“潞王殿下。”
潞王哼了一声,看向顾闲的眼神明显带着几分恼火:“就是你劝说皇兄削减我的婚事花销?”
顾闲道:“潞王殿下哪里的话?我从来没有说过要削减花销。皇上向来友爱兄弟,肯定不会让殿下受委屈,我们都做好了婚事花销远超亲王定额的准备!”
潞王牙痒。
就《大明会典》里那五十金,打发叫花子呢?
以后他可是要就藩的,手头没钱怎么潇洒过日子?
别看他皇兄一口一个“朕弟潞王”,实际上他们兄弟俩一年到头也说不上几次话,大多时候他皇兄都是看在母后的面子上才给他诸多优待。
要是以后母后不在了呢?他得多为自己的未来做打算!
潞王本来是想来找顾闲麻烦的,可顾闲见到他时满面笑容,叫他很难生出半分厌恶来。
顾闲又回应得滴水不漏,矢口否认要削减开支。
潞王有点儿憋屈,不知该怎么找顾闲的茬。
顾闲仿佛没注意到他的郁闷,还欲言又止地看了他一眼,再欲言又止地看了他一眼,又……
潞王终于怒了:“你什么意思?”
他都没想好怎么教训顾闲,顾闲居然用那么奇怪的眼神一直瞅他!
顾闲压低声音说道:“殿下,我有件事不知当不当讲。”
潞王:?
突然这么鬼祟做什么?
我们有熟到要说悄悄话的程度吗?
可潞王到底是好奇心重的少年人,最终还是抵不过诱惑屏退左右,与顾闲挪到一株大树底下聊起了“不知当不当讲”的事。

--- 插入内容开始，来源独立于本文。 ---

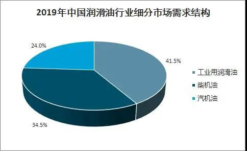 2019年,车用润滑油约占润滑油消费总量的58.5%,工业润滑油约占润滑油消费总量的41.5%。车用润滑油的细分产品中,柴机油需求占润滑油比约34.5%,汽机油需求占比约24%。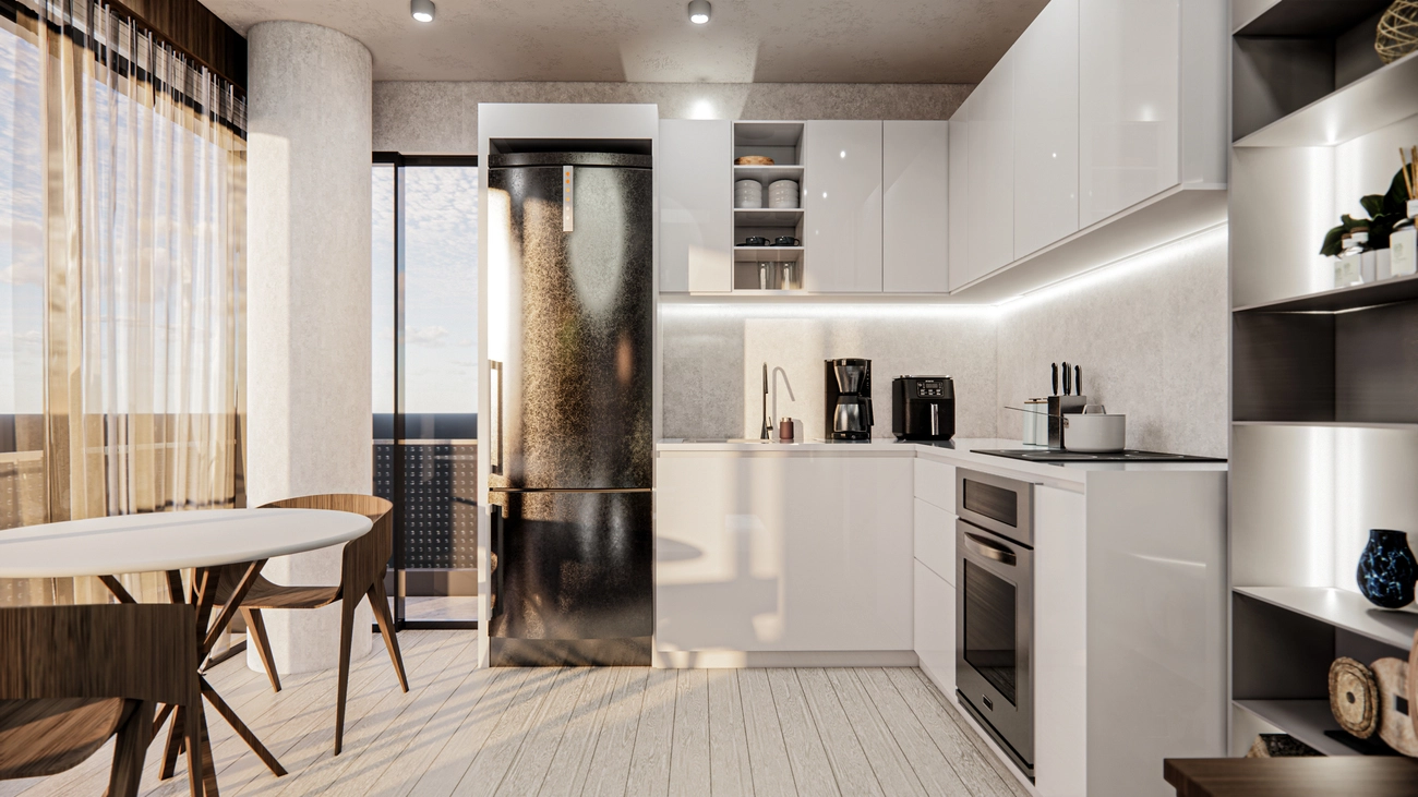 Diese "2+1"-Wohnung wurde meisterhaft entworfen, um ein Maximum an Privatsphäre und Funktionalität für einen modernen Lebensstil zu gewährleisten: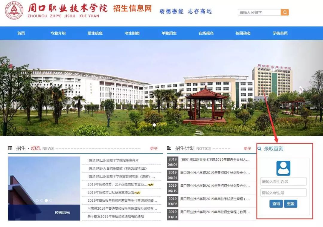 登陆周口职业技术学院官网(http://www.zkvtc.edu.cn/),点击导航栏“招生就业”,进入学院招生信息网,点击“录取查询”,进入查询界面,考生可进行查询。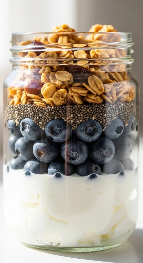 Chia seeds add fiber and a slight pudding-like texture. Combined with blueberries and yogurt, this parfait supports fullness and gentle sweetness.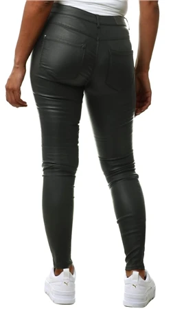 These black leather look trousers by ONLY are perfect for bringing a sense of rock chick to your look. The leather legs feature stylish texture panels. Team yours with one of our body tops and heels to complete the look.
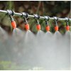 | Tato kapilární závlaha zvlhčuje rovnoměrně záhon mikroskopickými kapkami, což je nejefektivnější a nejpřirozenější způsob zalévání zeleně. Velikost kapek můžete ovlivnit utažením, či povolením samotné trysky. Pokud chcete zalévat formou vlhkosti, tak utáhněte trysku a nechte rostliny pouze mlžit. Jestli-že potřebujete simulovat silný déšť tak trysku povolte a nechte na listy dopadat velké kapky. Jednou systém nastavíte a pak už se o nic nestaráte. | ![]() |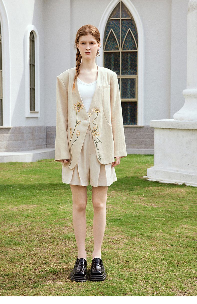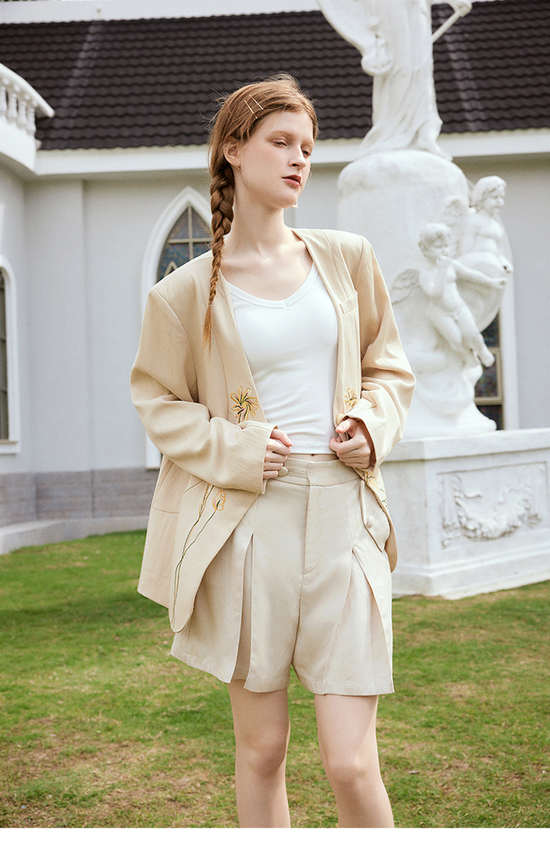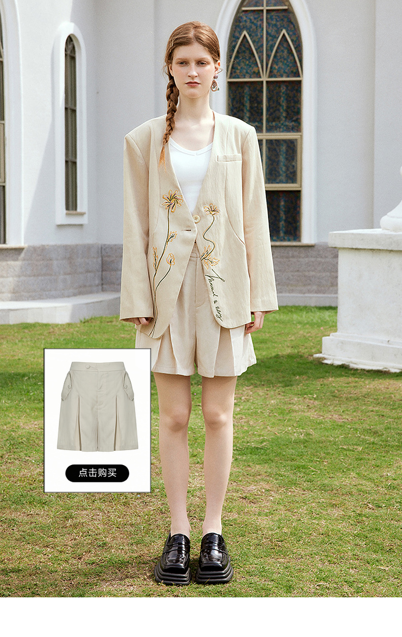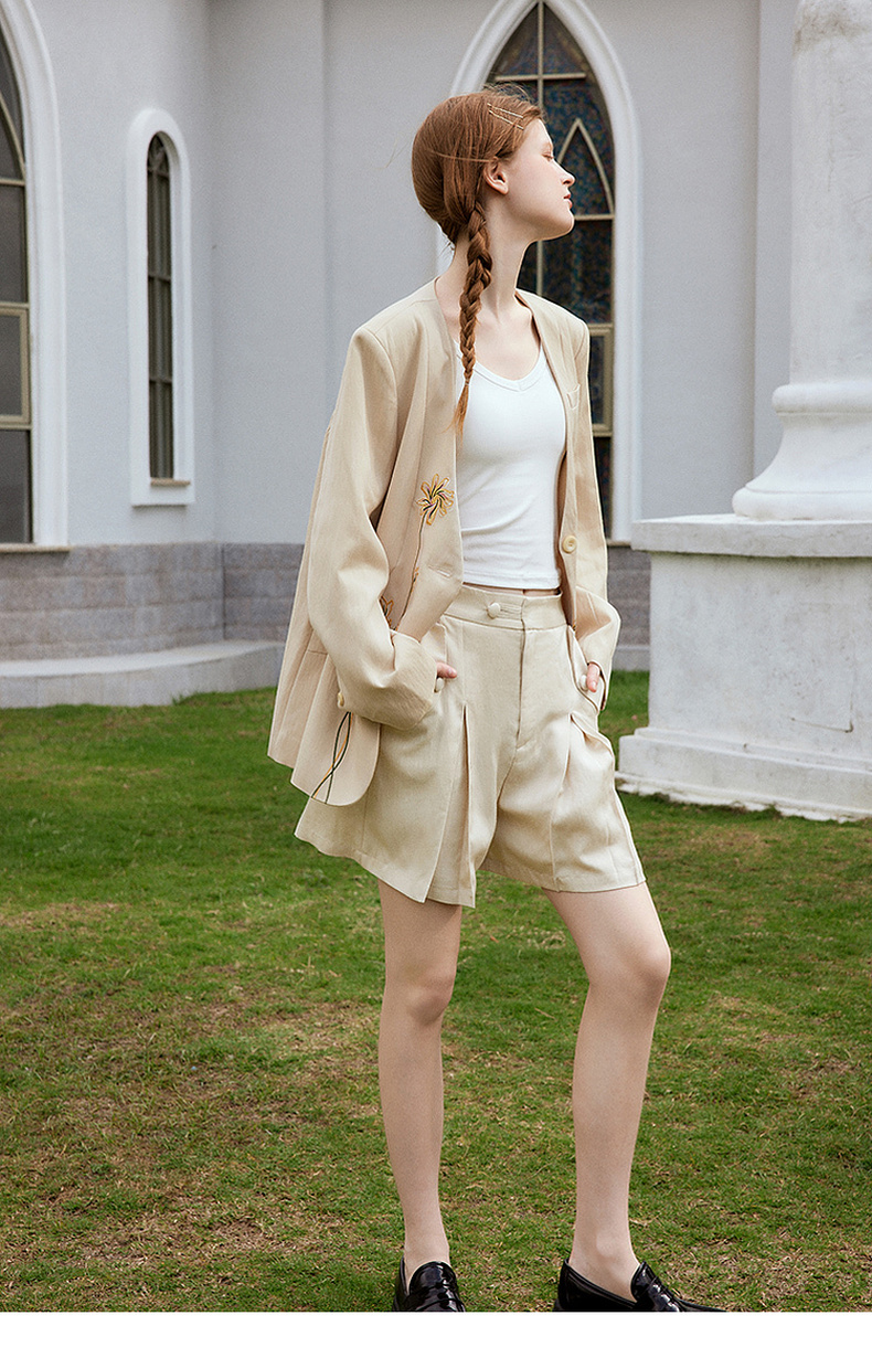 两三事天空之境夏季新款简约纽扣装饰高腰短裤女

当天晚上潞王回去以后就拒绝了李太后的投喂,并且非要人给他上水煮青菜当晚饭。
第二天一早潞王实在太饿了,没忍住多吃了一些,吃完后竟出去绕着宫道跑圈。
李太后忧心忡忡,总觉得儿子这两天怪怪的。
等等,跑圈?
这事好像在哪里听过。
李太后琢磨了一会,想起来了,顾闲这位年轻阁老有怂恿别人跑圈的癖好。
从前他去内书堂教书便时常带着一群小内侍往景山那边跑。
朱翊钧有时候都会去凑热闹。
前两年开始带庶吉士,他还让庶吉士也绕着官署跑圈,弄得御史没忍住参了他一本。
李太后把跟在潞王身边伺候的人喊来一问,果然问出了潞王昨天的行踪。
这家伙果然是去找了顾闲!
……所以顾闲对她小儿子干了什么?
为什么这小子跟魔怔了似的,又是要少吃肉多吃菜,又是要出去跑圈。平时他可是无肉不欢且懒得动弹的!
李太后等潞王跑完圈回来便拉着他问是怎么回事。
潞王坚决不说,表示自己跑累了得回去歇着,一溜烟跑了。
李太后又气又恼,却舍不得责怪自家宝贝儿子。今儿正好休沐,李太后让人去把朱翊钧喊来共用午膳,顺便和他说起潞王的反常。
李太后说道:“你弟弟不肯讲,你明儿问问是怎么回事。”
朱翊钧本就知道李太后不会无缘无故喊自己来吃饭,不过听到李太后的话还是顿了顿。
朱翊钧问道:“他去找顾闲做什么?”
李太后一滞。
随着这个儿子年纪渐长,身上渐渐有了帝王气势,李太后对待他的态度也在慢慢转变。
至少现在她不能随随便便让朱翊钧跪下认错了。
朱翊钧表情淡淡的,李太后这个当娘的都拿不准他生没生气。
潞王去找顾闲能为了什么事?
无非是年少气盛,想去找顾闲要个说法。